Tesla shares fell 0.5% in extended trading. The company’s stock took its worst fall last year, hit by demand concerns and CEO Elon Musk’s takeover of Twitter, fueling investor concerns that he would be distracted from running Tesla.

In general, margins are expected to be further squeezed by the aggressive price cuts. Tesla, which had made a series of price increases since early 2021, turned the tide and offered discounts in the United States in December, followed by price cuts of as much as 20% this month.

The company said revenue was $24.32 billion for the three months ended Dec. 31, compared to the median analyst estimate of $24.16 billion, according to IBES data from Refinitiv.

Tesla said fourth-quarter automotive margin was 25.9%, the lowest in two years.

Tesla offered discounts in its top markets during the quarter after strong orders helped the company maintain and even raise prices in recent years. CEO Elon Musk said in December that “radical interest rate changes” had affected the affordability of all cars.

The EV maker delivered a record 405,278 vehicles to customers in the fourth quarter, even as the company fell short of its 50% annual growth target.

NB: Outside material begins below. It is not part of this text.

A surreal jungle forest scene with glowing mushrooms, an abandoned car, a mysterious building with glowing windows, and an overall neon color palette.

Net income for the quarter was $3.69 billion, or $1.07 per share, compared to $2.32 billion, or 68 cents per share, a year earlier. Adjusted earnings per share of $1.19 beat the Wall Street analyst average of $1.13.

Tesla’s full-year earnings were supported by $1.78 billion in regulatory credits, up 21% from a year ago.

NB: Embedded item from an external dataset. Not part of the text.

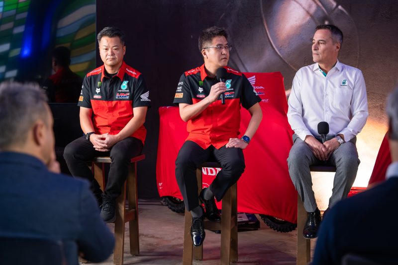 - Host: Thank you very much. We also have Taichi Honda who’s a General Manager of Race Operations Management Office, Mitsuharu Funase, General Manager of Race Planning and Operation Office, Giacomo Gariboldi, Team Manager, and Marcus Pereira de Freitas, General Manager. Mr. Funase, what does this mean for Honda HRC to be able to get a company of such stature like PETRONAS Lubricants International?

Its year-end cash balance of $22.2 billion and up to $7 billion in funds available in a new credit facility the company announced Wednesday give it ammunition to fight the price war it started earlier this month.

Tesla strengthened its balance sheet by accessing $7 billion through a new credit facility. Tesla ended 2022 with just over $22 billion in cash and cash equivalents.

“Tesla’s plans to rapidly scale production will only drive earnings growth if the demand is there to meet it. Even a small cooling in demand will have a significant impact on the company’s bottom line,” said Sophie Lund-Yates, an analyst. at Hargreaves Lansdown.